Now, as dumb as the set-up is to where the two men trade places, some of the courtroom scenes were quite funny and enjoyable, largely due to 1) the funny dialogue in court by Rietti, 2) Rietti bringing in people to help who were grossly inexperienced (the nutritional "expert" (Jennifer Coolage) was very flakey, and the "doctor" looked like he was still in highschool). 3) Rietti's flawed theory of sugar leading the defendant (Rip Torn) to be incapable of being able to tell right from wrong (Neither Rietti or Coolage understood the chemical structured differences between sugar and cocaine (Prosecutor Stien explains the differences in atom structure between the two, and Coolage's response is "well, how big is an atom?", then Stien tells her (sarcastically) "you must be brilliant in other ways too, can you also bend spoons?")). Then, 4) there was the humorous ways of Tuttle trying to quietly lead Rietti to say the right things in the courtroom (lots of funny "objection!" "sustained" "overrulled" lines), him first showing flashcards, and eventually Tuttle getting thrown out of the courthouse because he fell through the ceiling from an overhead duct pipe, quite funny. 5) Austin Peddleton as the judge was quite amusing too. I remember him playing a similar type of character in 1980s movie "Short circuit" as a scientist.
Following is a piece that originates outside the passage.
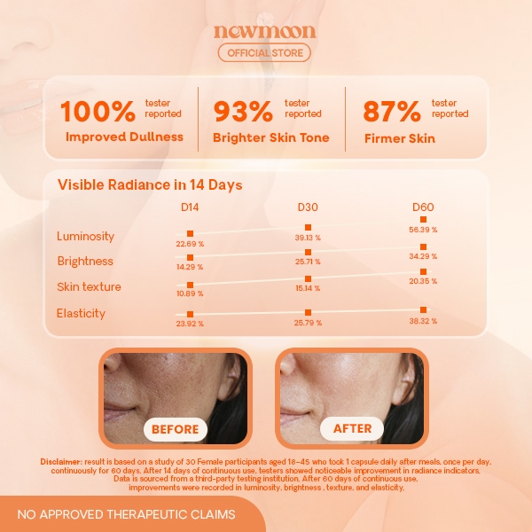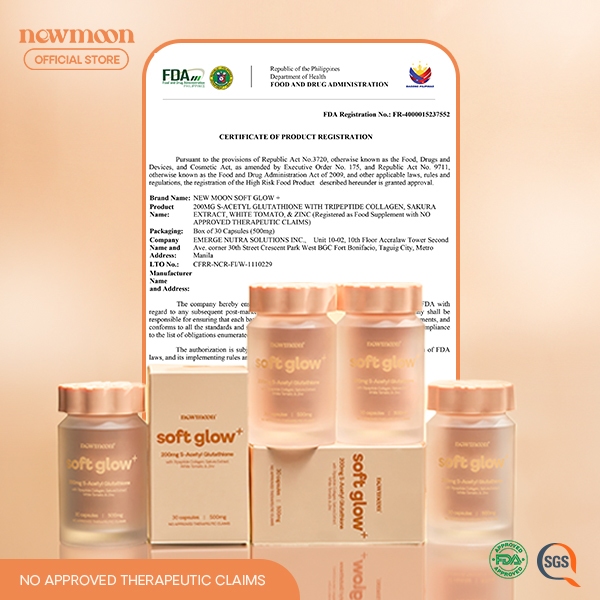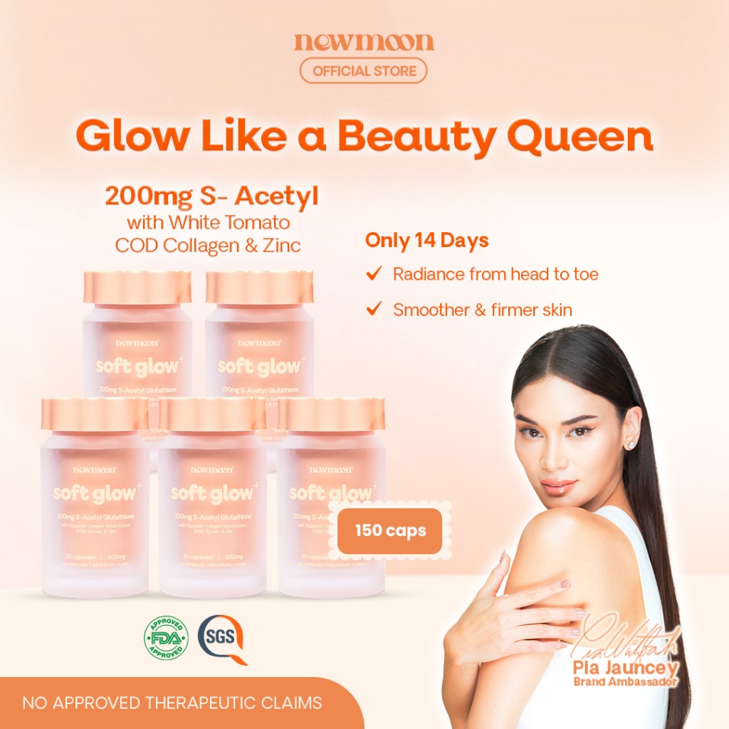 NEW MOON Whitening S-Acetyl Glutathione Supplement with Collagen & Vitamin C |Soft Glow+ 150 Capsule

Both of his roles, here and in "Short circuit", he plays a short tempered yet goofy character. 6) Rip Torn as the defendant, he was obviously a guilty character, yet insistant on trying to right every wrong he has done in his years of being a fraudulent salesman (selling customers pennys for $17, but saying that they're valuable copper engraving of Lincoln (how he was able to fool his customers until after he had their money, the movie didn't explain). Rip does give a sentimental yet funny speech on the stand near the end of the movie.

A couple other dumb bits (besides Tuttle not being able to go to court to request a continuance because of him drunkenly interfering with fighting hoodlums and then taking a whole bottle of Percesets) were Rietti's overly desperate attempts to make the moves on Stien, first in the bar on Tuttle's bachelor party night, then in Stien's office (i.e. Rietti putting his hand on Stien's shoulder, Stien not liking it, and Rietti replying by saying that he doesn't like the barrier between them on human contact), Rietti really didn't understand the rules of appropriate behavior between a lawyer and prosecuting attorney, let alone between a man and woman (and that was besides the fact that he was impostering an attorney, a felony to do that in the courtroom during a trial). I also didn't care for the part where Tuttle was sitting in his car outside the courthouse communicating via walky talkies, and Tuttle was supposed to honk out the correct signals so Rietti would know when to object in court. But then he makes another one of his several stupid moves in this movie, he just gets up and walks away from all of it just because he sees Theron pull up. Never mind how much he was freaking out throughout the movie til then on getting through this trial. Suddenly in that moment, it meant nothing to him? And the third stupid move he made was a little earlier in the courtroom when he suddenly jumps up yelling hysterically "I object!!! I object!!!", getting him thrown out of there. It doesn't make sense, he knew that they all thought he wasn't a lawyer and that he couldn't object, and he knew that even a lawyer can't just start screaming hysterically in a courtroom. It was just dumb.

I did though like a few of the romantic scenes between him and Theron, and am glad that he ended up choosing her over Alexandra and her snobbery.

Anyway, a funny movie in many parts, a few dumb parts, I give this a 7.